If an entry holds a picture, leave the picture out and copy the rest exactly.

═════ RECORDS TO PROCESS ═════

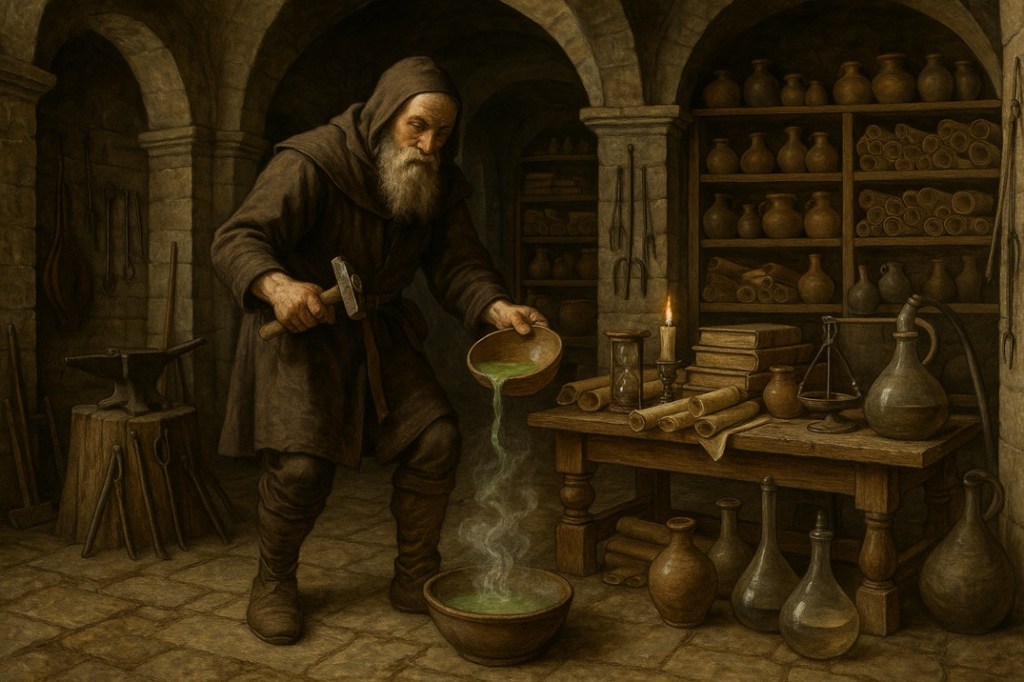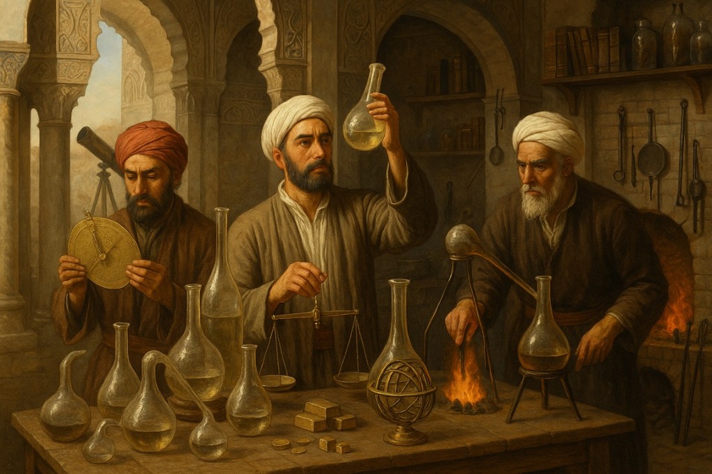 Aparecen de tal forma hombres de ciencia en sus primeros laboratorios rudimentarios en sucias recámaras, ocultos en calabozos, iglesias, castillos y ciudades, trabajando en las formas de modificar diversos compuestos, experimentando con diversos materiales, buscando la creación de nuevas materias, realizando experimentos de todo tipo y el estudio del comportamiento de las sustancias, junto con la búsqueda de su mutación en el ansiado oro. Dentro de este rango de hombres dedicados al saber científico antiguo en la Historia podríamos catalogar a personajes en la Edad Media como el franciscano Roger Bacon o el árabe Al Razi. Estos y otros científicos resultaron ser los primeros hombres precursores de saberes científicos como la física, la química, la medicina y la metalurgia.
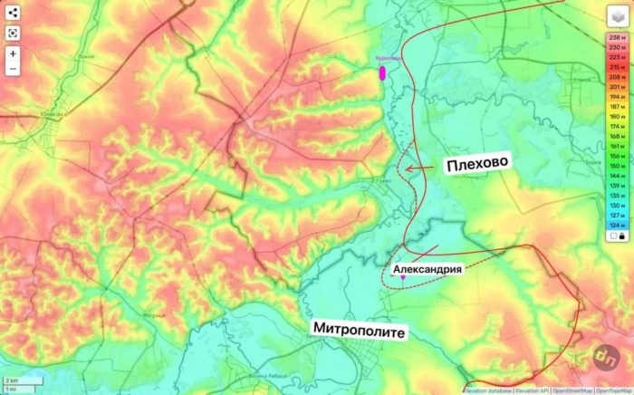 Ситуацию детально разобрал военный эксперт Юрий Подоляка и он призывает взять еще один населенный пункт на Сумщине - село Мирополье, который имеет серьезную логистику и от него в сторону областного центра идет заасфальтированная трасса. Подоляка продемонстрировал карту участка фронта с рельефом местности, чтобы было наглядно понятно причины маневра.
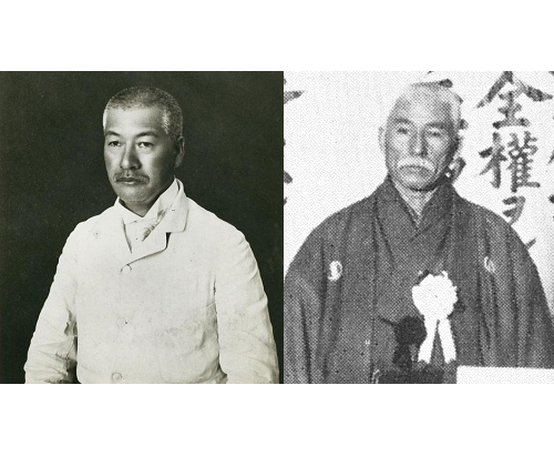 写真:徳富蘇峰㊧(出典:https://www.pu-kumamoto.ac.jp/users_site/ijin/tokutomisohou.html)と内田良平
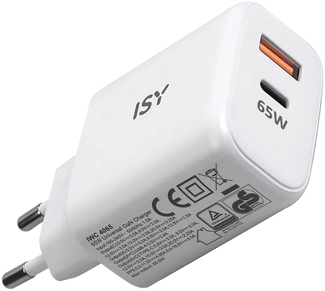 (40 db)ISY IWC 4065 Hálózati töltő adapter, max 65W GaN, USB-A, USB-C, fehér (2V221961)
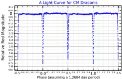 CM Draconis (GJ 630.1A) is an eclipsing binary system approximately 47 light-years away[2] in the constellation of Draco (the Dragon). The system consists of two nearly identical red dwarf stars located in the constellation Draco. The two stars orbit each other with a period of 1.27 days with a separation of 2.7 million kilometres (0.018 AU).[4] Along with two stars in the triple system KOI 126, the stars in CM Draconis are the lightest stars with precisely measured masses and radii. Consequently, the system plays an important role in testing stellar structure models for very low mass stars.[5] These comparisons find that models underpredict the stellar radii by approximately 5%. This is attributed to consequences of the stars' strong magnetic activity.

═════

• COMPLETED TASK:
 Aparecen de tal forma hombres de ciencia en sus primeros laboratorios rudimentarios en sucias recámaras, ocultos en calabozos, iglesias, castillos y ciudades, trabajando en las formas de modificar diversos compuestos, experimentando con diversos materiales, buscando la creación de nuevas materias, realizando experimentos de todo tipo y el estudio del comportamiento de las sustancias, junto con la búsqueda de su mutación en el ansiado oro. Dentro de este rango de hombres dedicados al saber científico antiguo en la Historia podríamos catalogar a personajes en la Edad Media como el franciscano Roger Bacon o el árabe Al Razi. Estos y otros científicos resultaron ser los primeros hombres precursores de saberes científicos como la física, la química, la medicina y la metalurgia.
 Ситуацию детально разобрал военный эксперт Юрий Подоляка и он призывает взять еще один населенный пункт на Сумщине - село Мирополье, который имеет серьезную логистику и от него в сторону областного центра идет заасфальтированная трасса. Подоляка продемонстрировал карту участка фронта с рельефом местности, чтобы было наглядно понятно причины маневра.
 写真:徳富蘇峰㊧(出典:https://www.pu-kumamoto.ac.jp/users_site/ijin/tokutomisohou.html)と内田良平
 (40 db)ISY IWC 4065 Hálózati töltő adapter, max 65W GaN, USB-A, USB-C, fehér (2V221961)
 CM Draconis (GJ 630.1A) is an eclipsing binary system approximately 47 light-years away[2] in the constellation of Draco (the Dragon). The system consists of two nearly identical red dwarf stars located in the constellation Draco. The two stars orbit each other with a period of 1.27 days with a separation of 2.7 million kilometres (0.018 AU).[4] Along with two stars in the triple system KOI 126, the stars in CM Draconis are the lightest stars with precisely measured masses and radii. Consequently, the system plays an important role in testing stellar structure models for very low mass stars.[5] These comparisons find that models underpredict the stellar radii by approximately 5%. This is attributed to consequences of the stars' strong magnetic activity.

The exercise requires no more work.